I think other prices are great. You get pulled over by the you get pulled over by a cyber truck. You're driving like a lifted Ford F 650. You're ticketing me? That's not a real truck, bro.
Yeah. Like, they drive what are those, chargers? I think Those are the worst. Chargers? Yeah.
I think that's what the cops drive. Like, look at this. What it this looks like a mom SUV. Like, what is that, peaches? I imagine getting pulled over in a mini Yeah.
Exactly. Like, that's what most of these are and they don't look cool. Like, what's wrong with the pickup truck? A pickup truck's a little weird to be pulling people over in or arresting people. I mean, it seems inefficient for gas.
Yeah. Exactly. Like like a Dodge Charger. Like, you just told me that inefficient for gas. It's like that one gets, like, 11 miles to the gallon.
But, you know, if you gotta get up and go fast, you gotta catch some criminals. You gotta be able to go high speed. That would make sense to have, you know, a muscle car to me. Truck like, this truck, I'm guessing they use it for things other than pulling people over. Pit maneuvers or causing people to shoot you.
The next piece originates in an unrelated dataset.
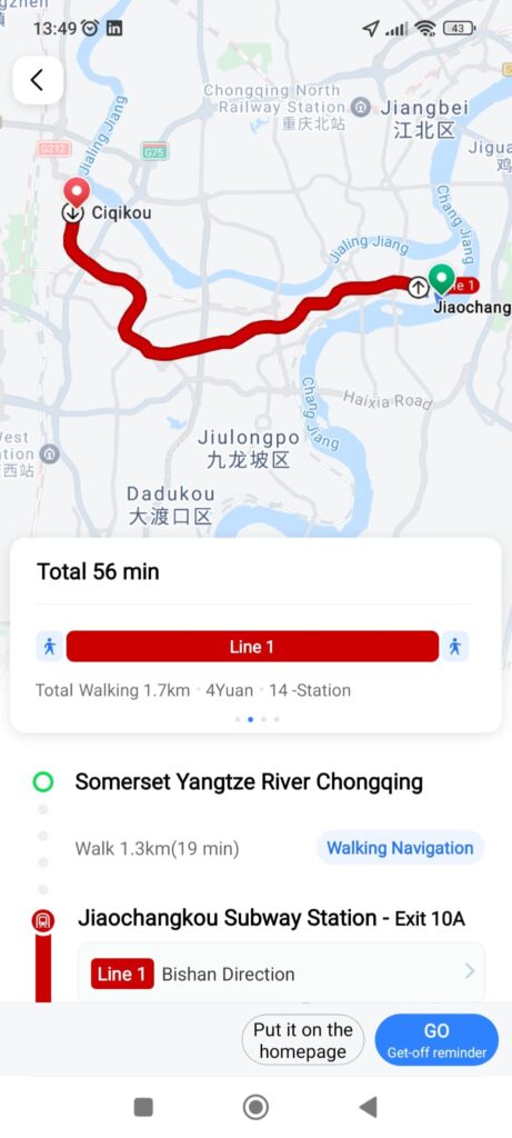 En China, casi todo el mundo usa Gaode Maps, que te traza rutas a pie, en coche o en metro con gran precisión y detalle. Si viajas en metro, por ejemplo, te dice qué lineas coger, qué dirección tomar, cuántas estaciones tienes, dónde hacer transbordos y qué salida (o entrada) de la estación coger. Además, te vibra el móvil cuando estás a punto de llegar a tu estación de destino o transbordo, para que no se te pase.

Like, it's got the big hitch on it. They're dragging people out from somewhere. It's got the dual rear wheels, the dual tire axle. I just figured this would be a great page to to show Lieutenant Crane for traffic school powered by the app. Yeah.
Like, these other cars do look pretty fugly, but I don't know. Look at that one. Wow. Look at that. It's the police minicom.
The police officer. We're coming to get you. Here's your citation. Yeah. These overseas police cars.
Sure. Look at that one. Look. It looks like my shoe. It's about the same size.
How are you gonna put Peaches shoe. How are you gonna put someone in the back of that thing? Well, have you ever been to the rodeo? Somehow the clowns get in and out of those. Thank you again for tuning in to the Viktor Wilt show.